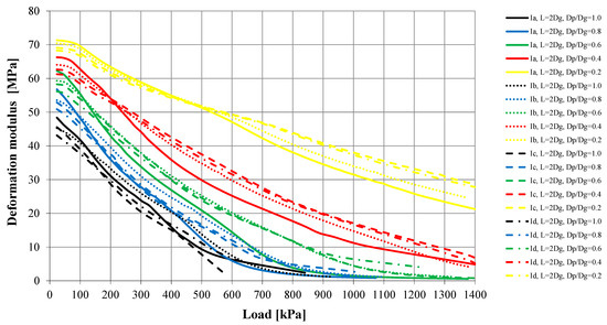 The value of the settlements is strongly influenced, first of all, by the shape of columns and their underlying layer; however, this depends on the diameter of the plates used. In the case of the smallest plates (Dp/Dh = 0.2), the differences in settlements between individual column subgroups range from 36% (Group I) to 48% (Group II). For larger plates (Dp/Dh ≥ 0.4), in the case of end bearing columns, the smallest settlements were obtained for the columns with the largest diameters in the lower parts of the columns (Subgroups Ib and Id), and the largest for the columns with the maximum diameter in the central part of the column (Ic) or with a constant diameter (Ia)—in this case, the differences in settlements were over 250% (e.g., for Dp/Dh = 0.6). Similar behaviors were observed in the case of the floating columns—the smallest settlements were obtained when the diameter of the columns increased with depth (Subgroup IIb), and the largest in the opposite situation (Subgroup IIc). For this subgroup of columns, the differences in settlements reach approximately 450% (e.g., for Dp/Dh = 1.0). These differences are translated into calculated deformation moduli (Figure 12 and Figure 13). When using plates with the same Dp/Dh ratio, the differences may be up to 250% (e.g., for q = 400 kPa, Subgroups IIc and IIb, Dp/Dh = 1.0).
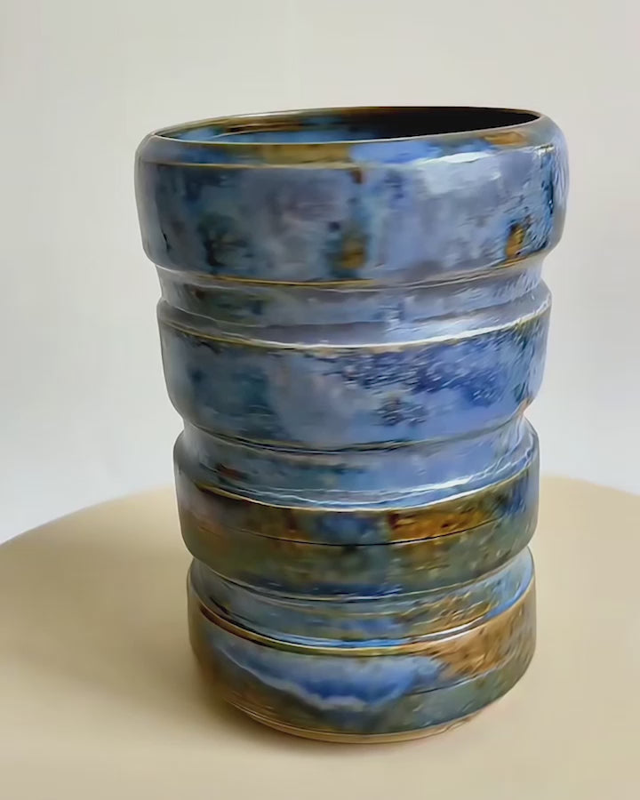 Bu el yapımı seramik vazo, tornada stoneware çamurla şekillendirilmiş ve derin mavi ile kahverengi tonlarının birleştiği özel sırla kaplanmıştır. Gövdesindeki bantlı girinti-çıkıntılar, parçaya güçlü ve karakteristik bir form kazandırır.
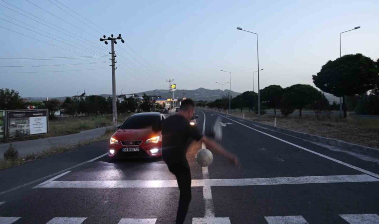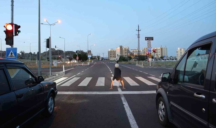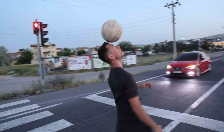 Kapadokya’ya gelen Kolombiyalı turist, kırmızı ışıkta bekleyen araçlara futbol topu ile gösteri yapıyor.

* _Prompt_: Write out the material above exactly, and omit the pictures it holds.

* _Written reply_:
 The value of the settlements is strongly influenced, first of all, by the shape of columns and their underlying layer; however, this depends on the diameter of the plates used. In the case of the smallest plates (Dp/Dh = 0.2), the differences in settlements between individual column subgroups range from 36% (Group I) to 48% (Group II). For larger plates (Dp/Dh ≥ 0.4), in the case of end bearing columns, the smallest settlements were obtained for the columns with the largest diameters in the lower parts of the columns (Subgroups Ib and Id), and the largest for the columns with the maximum diameter in the central part of the column (Ic) or with a constant diameter (Ia)—in this case, the differences in settlements were over 250% (e.g., for Dp/Dh = 0.6). Similar behaviors were observed in the case of the floating columns—the smallest settlements were obtained when the diameter of the columns increased with depth (Subgroup IIb), and the largest in the opposite situation (Subgroup IIc). For this subgroup of columns, the differences in settlements reach approximately 450% (e.g., for Dp/Dh = 1.0). These differences are translated into calculated deformation moduli (Figure 12 and Figure 13). When using plates with the same Dp/Dh ratio, the differences may be up to 250% (e.g., for q = 400 kPa, Subgroups IIc and IIb, Dp/Dh = 1.0).
 Bu el yapımı seramik vazo, tornada stoneware çamurla şekillendirilmiş ve derin mavi ile kahverengi tonlarının birleştiği özel sırla kaplanmıştır. Gövdesindeki bantlı girinti-çıkıntılar, parçaya güçlü ve karakteristik bir form kazandırır.
 Kapadokya’ya gelen Kolombiyalı turist, kırmızı ışıkta bekleyen araçlara futbol topu ile gösteri yapıyor.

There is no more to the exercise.